---
title: DataSense E2B
emoji: 📊
colorFrom: blue
colorTo: green
sdk: gradio
sdk_version: 6.5.1
app_file: app.py
pinned: false
license: apache-2.0
startup_duration_timeout: 30m
short_description: Execution-grounded data agent — Gemma-4 2B + SFT v1
models:
  - sanjaymalladi/DataSense-Modal-E2B-SFT
  - unsloth/gemma-4-E2B-it
hardware: gpu-t4
tags:
  - track:wood
  - sponsor:modal
  - achievement:offgrid
  - achievement:welltuned
  - achievement:offbrand
  - achievement:sharing
  - achievement:fieldnotes
---

# DataSense E2B

A **personal data-science agent** built for the Gemma / DataBench hackathon — not a chatbot that *pretends* to run code, but a model that **writes Python, executes it, reads real errors, and verifies answers** before claiming a result.
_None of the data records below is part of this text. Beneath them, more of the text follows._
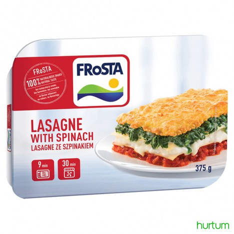 Makaron lasagne przekładany sosami: z serem Ricotta, szpinakowym, beszamelowym i pomidorowym; posypany tartym serem Gouda. Produkt głęboko mrożony.
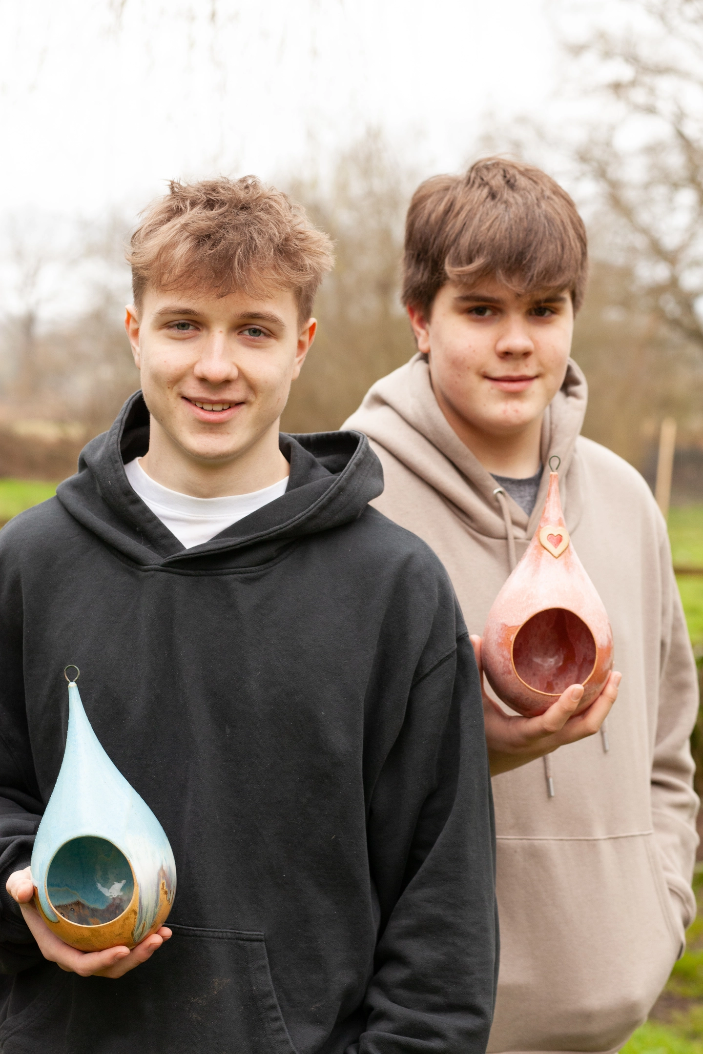 We are ‘The Bird Boys’ - George & Zac, two brothers who decided to set up a business selling handmade stoneware bird feeders when we were just 14 and 10 years old.
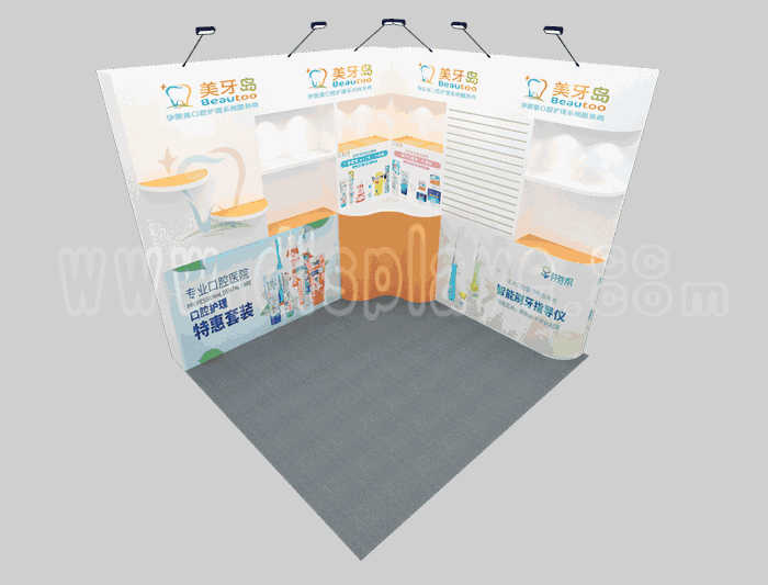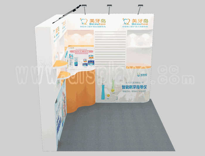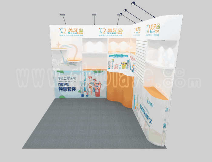 溫馨提示:如你想?yún)⒄者@設(shè)計圖DIY設(shè)計構(gòu)思你想要的展臺,此造型結(jié)構(gòu)適用3x3m以下方形展位,你可增加你想要的展示功能或更多的引人注目特裝造型。

This Space runs **SFT v1** on [`unsloth/gemma-4-E2B-it`](https://huggingface.co/unsloth/gemma-4-E2B-it) with LoRA adapter [`sanjaymalladi/DataSense-Modal-E2B-SFT`](https://huggingface.co/sanjaymalladi/DataSense-Modal-E2B-SFT). Pick a bundled CSV example or ask your own question — the agent inspects schema, runs code in a sandbox, debugs from tracebacks, and returns **Answer** + **Summary** tags.

**Powered by Modal for fine tuning the model.**

📖 **[Read the full project story →](https://datasense-e2b.netlify.app/)** · **🎬 [Watch the demo →](https://youtu.be/ucFoCdMK7sE)** · **[LinkedIn post →](https://www.linkedin.com/posts/sanjaymalladi_buildsmall-huggingface-modal-share-7471993638814654464-47hY/)**

---

## The problem we set out to solve

Small instruction models can look competent on data questions by printing plausible `**Answer:**` tags **without executing anything**. Our first eval even reported **0% accuracy for everyone** — not because training failed, but because we were scoring synthetic sandbox data against real DataBench ground truth.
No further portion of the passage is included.